What is Staking?
Proof-of-Stake, also known as Staking, is the next revolution of blockchain consensus mechanisms. It improves several of the key issues of the currently dominating Proof-of-Work consensus mechanism.
In simple terms, Proof-of-Stake is a new standard (consensus algorithm) for running the decentralized blockchain infrastructure. It is a set of rules according to which the distribution of responsibilities for validating and recording transactions on the blockchain occurs and rewards are allocated.
Different Proof-of-Stake have slightly different set of rules, but in its core they are all about two questions:
• Who receives the right to validate and record transactions?
• What are the rewards for miners (operators) for validating and recording transactions
The right to validate transactions under Proof-of-Stake depends on different criteria. The most important criteria is the amount of the tokens the miner owns (the stake).
Proof-of-Work vs Proof-of-Stake
Different from Proof-of-Work, where the right to record transactions goes to those who runs the most powerful machines, under the Proof-of-Stake, the right goes to those with the biggest stake in the blockchain. This means that if a miner holds 5% of all coins, theoretically he can mine up to 5% of all blocks. This is not always the case and depends on the specifics of the protocol (blockchain) but illustrates the general principle.
The biggest coin holders also lock a certain amount of coins in a wallet as a collateral before they are allowed to validate the transactions of the network. During the time their coins are locked as a stake, they cannot sell or convert them. Therefore, they have the incentive to conduct the transaction’s validation in the best way possible so the value of their stake will not depreciate; and they will receive a coin reward for their service similar to miners in Proof-of-Work e.g. working as protectors of the network. The Stakeholders that own a relatively big share of the tokens have the tools to authorise the addition of new blocks once the miners discover them using the computational power of their hardware.
Apart from the size of the stake, there are other criteria that define the rule to validate and record transactions. There are two common methods for this, the Randomized Block Selection method and Coin Age Selection method.

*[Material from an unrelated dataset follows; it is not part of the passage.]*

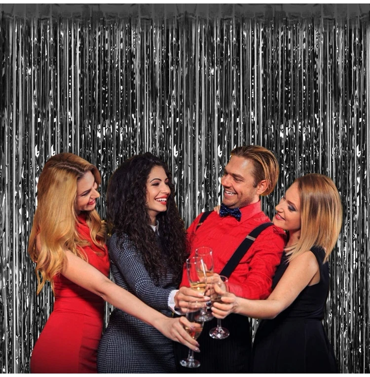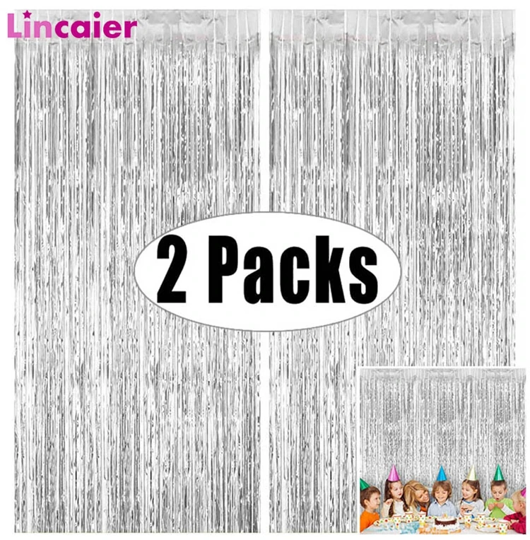 2 упаковки, 2x1 м, серебристая блестящая мишура, занавеска с бахромой, фотография, декорация для дня рождения, свадьбы, вечеринки, дома, мальчик, девочка, мужчина, женщина

The first method selects miners by taking the nodes with the highest stake and lowest hash values for consensus creation. Due to the public nature of the blockchain, the next miner can be predicted by the value of his stake.
The second method uses time as a factor for miner selection therefore the name Coin Age. This is done by multiplying the number of coins someone stakes and the time, usually in days, of staking. After being selected as a miner and validating the block. The coin age is set back to zero. This is done to prevent validation by only nodes with a high stake in the network.
This all goes with the low energy consumption for validation of blocks, since no mathematical quiz has to be solved. The stakeholders are motivated to work for the benefit of the protocol they use and earn a passive income for doing so.
Combining Proof-of-Work consensus with staking elements
Next to pure Proof-of-Stake protocols, there are other innovative approaches of combining Proof-of-Work consensus with staking elements. For instance, with Dash utilizes Proof-of -Work consensus where miners validate and sort transactions, write blocks and compete in mathematical quizzes in order to receive mining rewards. On a second layer, services are provided by Masternodes. They are an integral part of the governance and voting system of the Dash protocol and also contribute to the validation of special types of transactions like InstantSend. For these services the Masternodes also receive block rewards. In order to run a Masternode one has to stake 1000 Dash (current market value of 73’000 USD, 08.10.2019).
Staking is taken up by savvy crypto investors and funds. More and more service providers are offering technical staking services for a fee. Recently 6.5 billion USD crypto assets were staked on different blockchain networks.